Data records
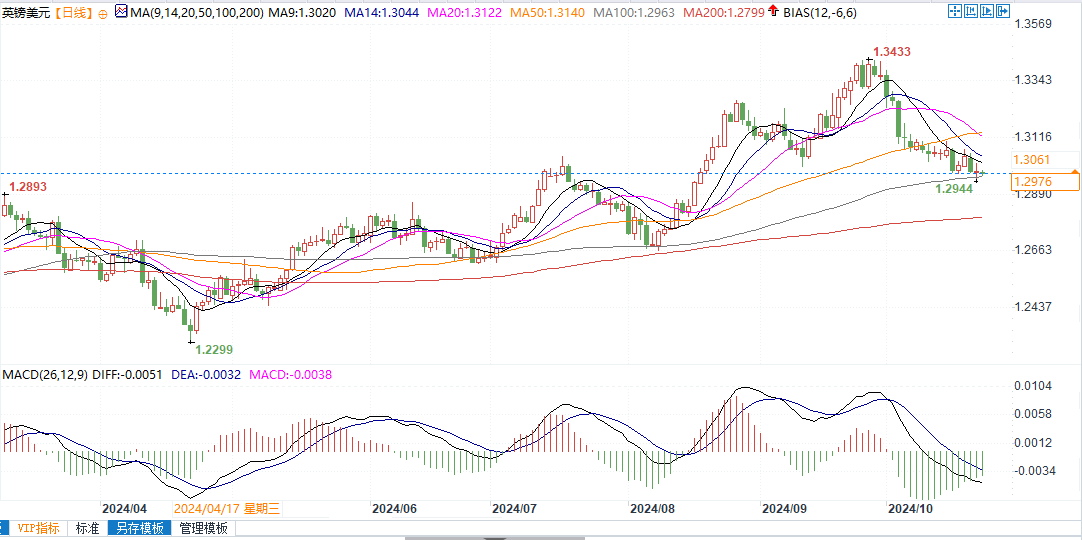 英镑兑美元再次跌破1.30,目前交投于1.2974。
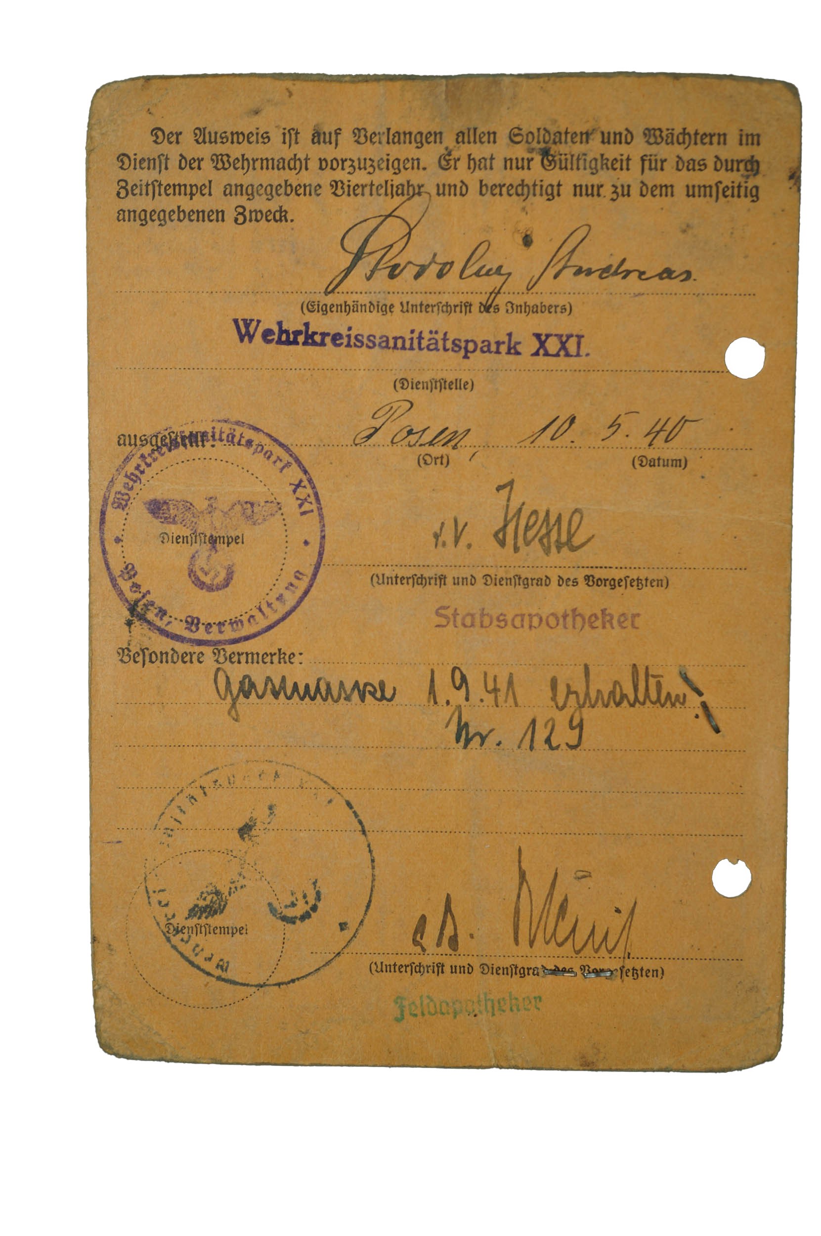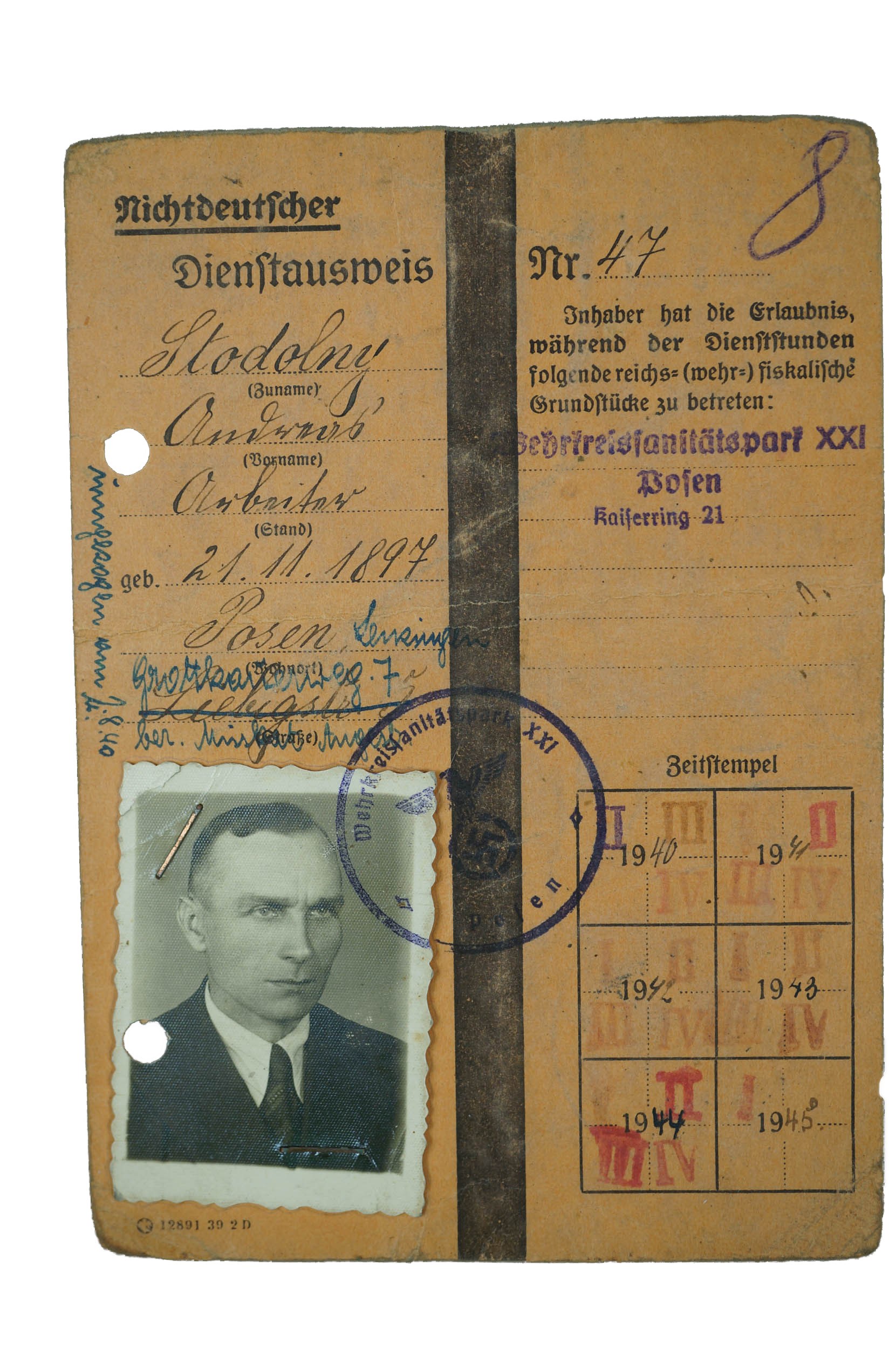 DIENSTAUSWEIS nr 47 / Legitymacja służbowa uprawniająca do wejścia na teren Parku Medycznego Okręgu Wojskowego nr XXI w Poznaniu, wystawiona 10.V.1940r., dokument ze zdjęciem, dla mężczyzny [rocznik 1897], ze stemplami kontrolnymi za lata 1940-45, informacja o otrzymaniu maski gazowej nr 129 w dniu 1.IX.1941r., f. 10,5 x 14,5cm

--

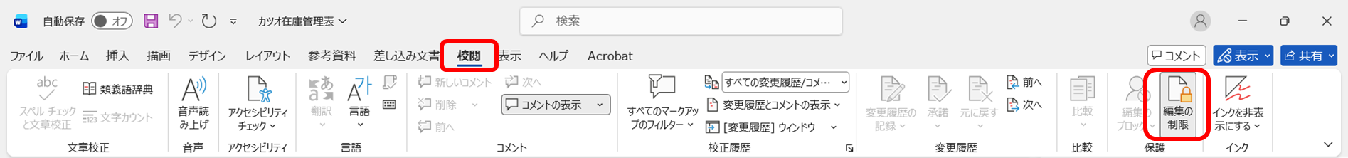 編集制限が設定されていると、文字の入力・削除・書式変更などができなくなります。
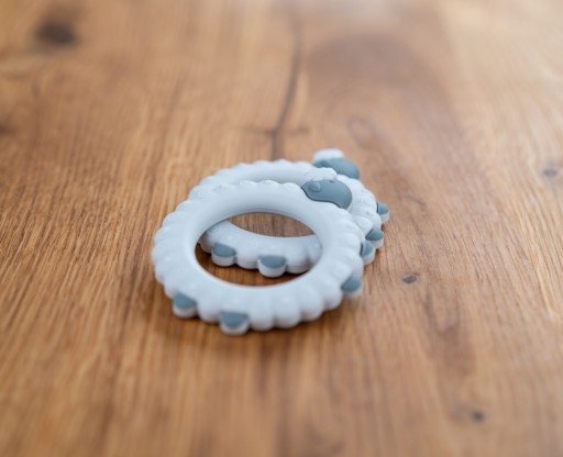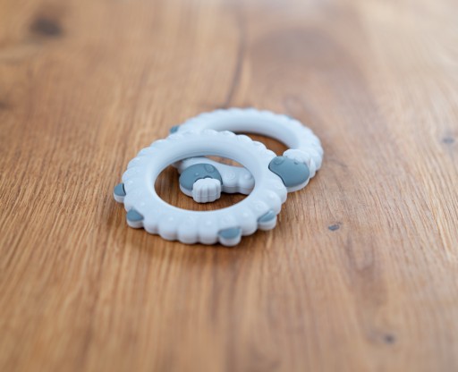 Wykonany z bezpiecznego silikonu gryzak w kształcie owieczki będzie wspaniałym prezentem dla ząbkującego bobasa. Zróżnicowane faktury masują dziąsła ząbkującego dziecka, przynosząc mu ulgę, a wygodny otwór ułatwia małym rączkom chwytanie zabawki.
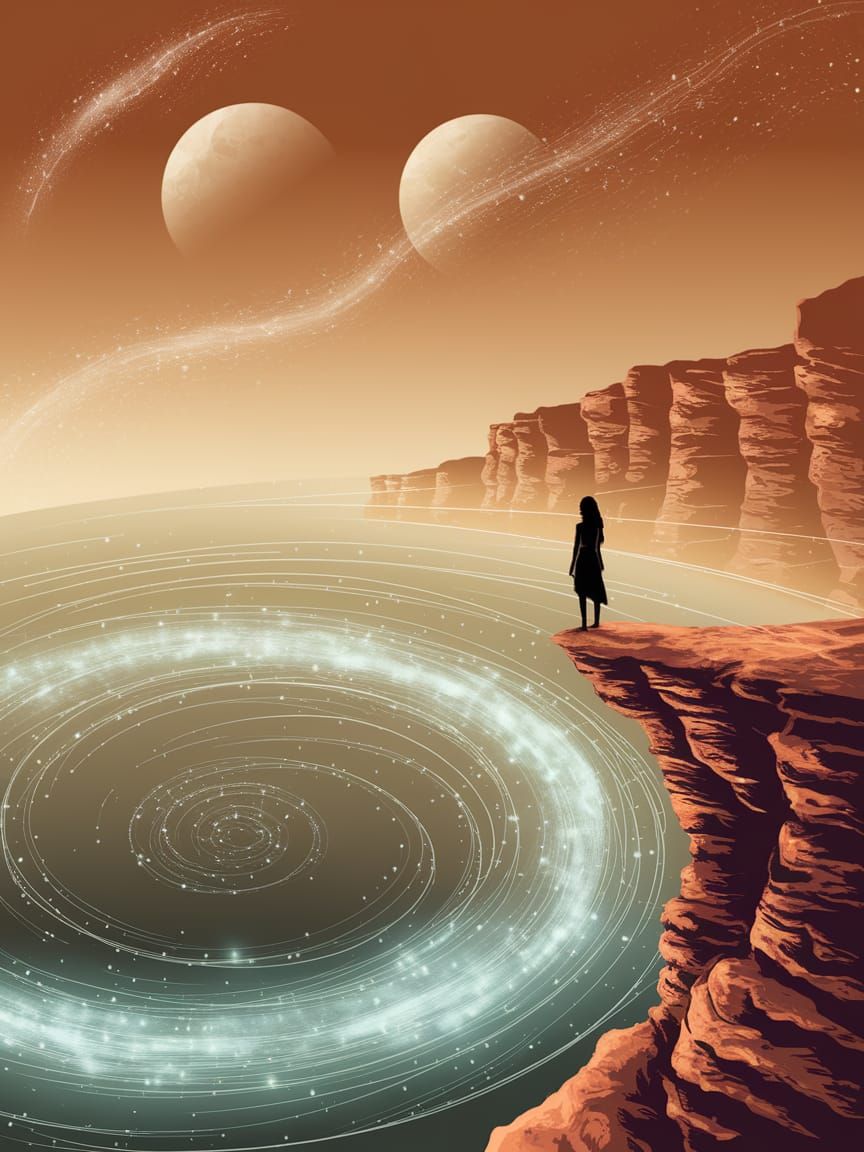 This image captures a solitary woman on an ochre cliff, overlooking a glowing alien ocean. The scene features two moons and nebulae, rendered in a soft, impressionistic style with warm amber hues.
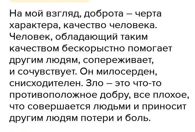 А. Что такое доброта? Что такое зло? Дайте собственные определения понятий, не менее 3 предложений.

---

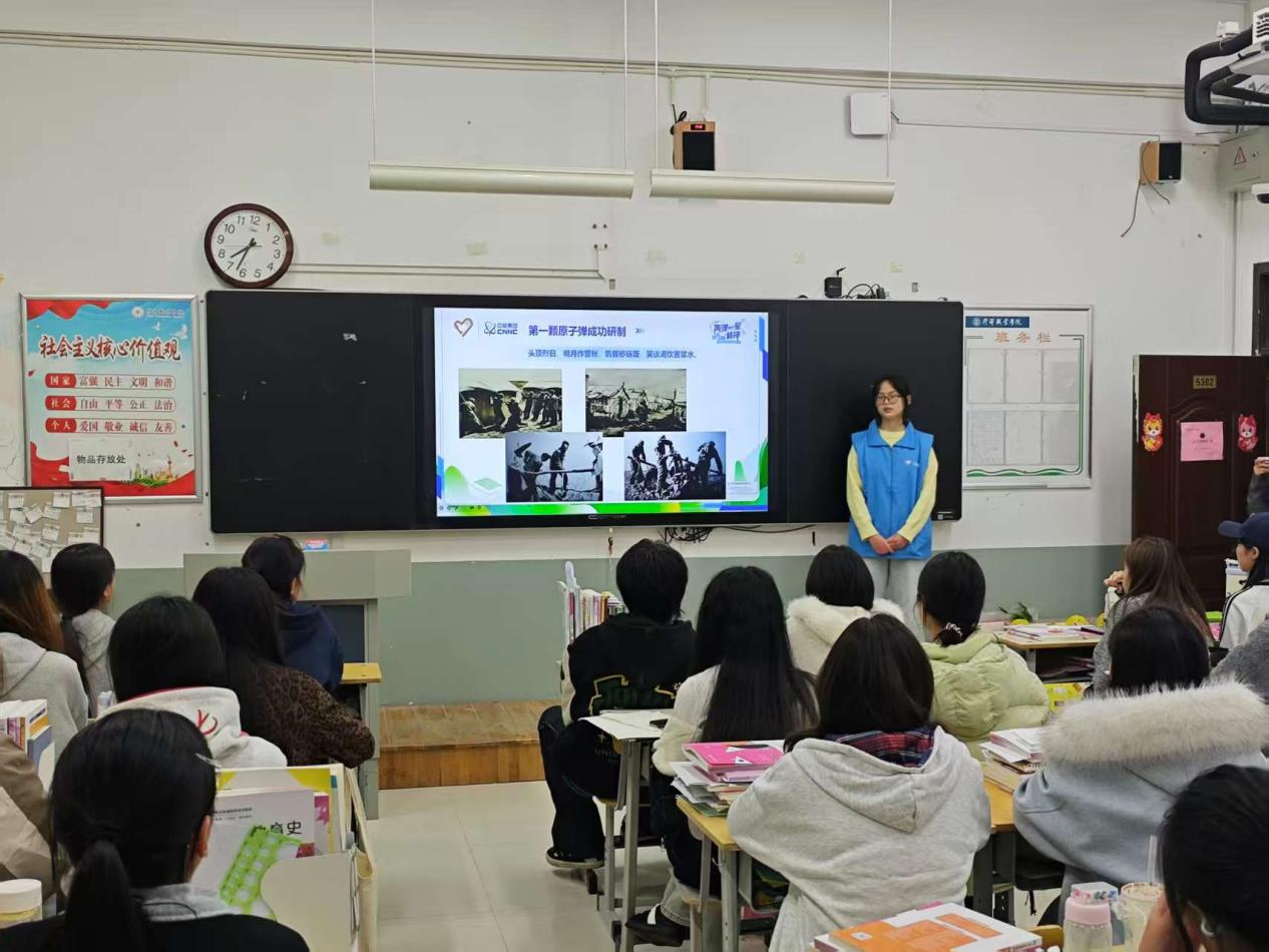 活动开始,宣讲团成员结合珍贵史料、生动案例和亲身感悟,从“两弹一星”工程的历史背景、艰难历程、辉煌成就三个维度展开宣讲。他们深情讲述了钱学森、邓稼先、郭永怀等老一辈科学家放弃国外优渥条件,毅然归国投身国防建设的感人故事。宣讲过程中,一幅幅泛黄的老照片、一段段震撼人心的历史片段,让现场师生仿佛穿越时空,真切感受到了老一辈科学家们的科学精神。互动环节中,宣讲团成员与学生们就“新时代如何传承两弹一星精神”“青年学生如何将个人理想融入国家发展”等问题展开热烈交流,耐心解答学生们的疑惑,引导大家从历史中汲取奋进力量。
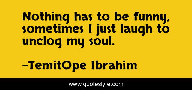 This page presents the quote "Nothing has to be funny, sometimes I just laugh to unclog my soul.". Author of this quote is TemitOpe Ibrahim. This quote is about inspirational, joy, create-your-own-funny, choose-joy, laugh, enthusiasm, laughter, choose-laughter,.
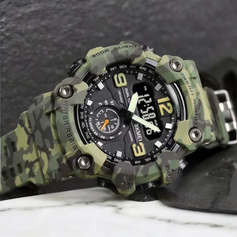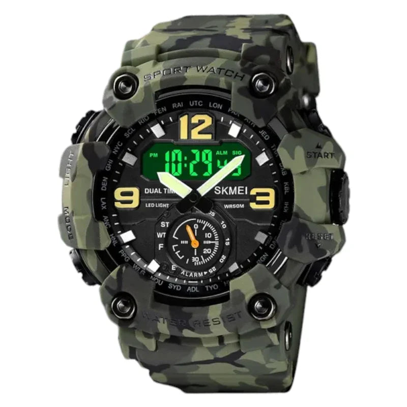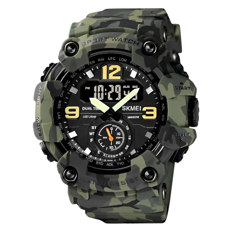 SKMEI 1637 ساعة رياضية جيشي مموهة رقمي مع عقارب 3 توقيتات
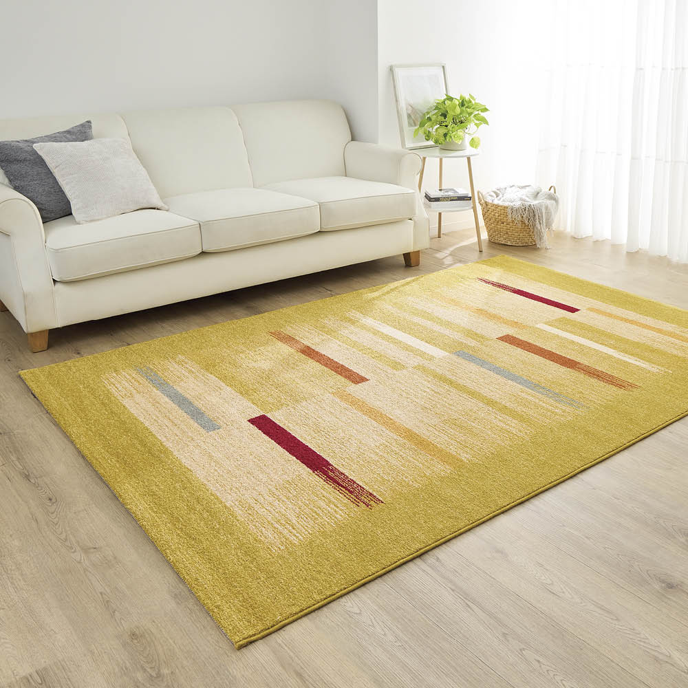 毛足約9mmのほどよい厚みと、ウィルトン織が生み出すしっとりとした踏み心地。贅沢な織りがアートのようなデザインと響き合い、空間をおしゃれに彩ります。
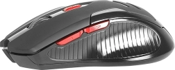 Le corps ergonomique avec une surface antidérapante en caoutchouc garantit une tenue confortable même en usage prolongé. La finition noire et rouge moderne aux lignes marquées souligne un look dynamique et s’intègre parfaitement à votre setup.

Task instructions
Would you output only the span of the records above that opens with the line containing "SKMEI 1637 ساعة" and closes with the line containing "Le corps ergonomique", ends included and pictures dropped?

Task output
 SKMEI 1637 ساعة رياضية جيشي مموهة رقمي مع عقارب 3 توقيتات
 毛足約9mmのほどよい厚みと、ウィルトン織が生み出すしっとりとした踏み心地。贅沢な織りがアートのようなデザインと響き合い、空間をおしゃれに彩ります。
 Le corps ergonomique avec une surface antidérapante en caoutchouc garantit une tenue confortable même en usage prolongé. La finition noire et rouge moderne aux lignes marquées souligne un look dynamique et s’intègre parfaitement à votre setup.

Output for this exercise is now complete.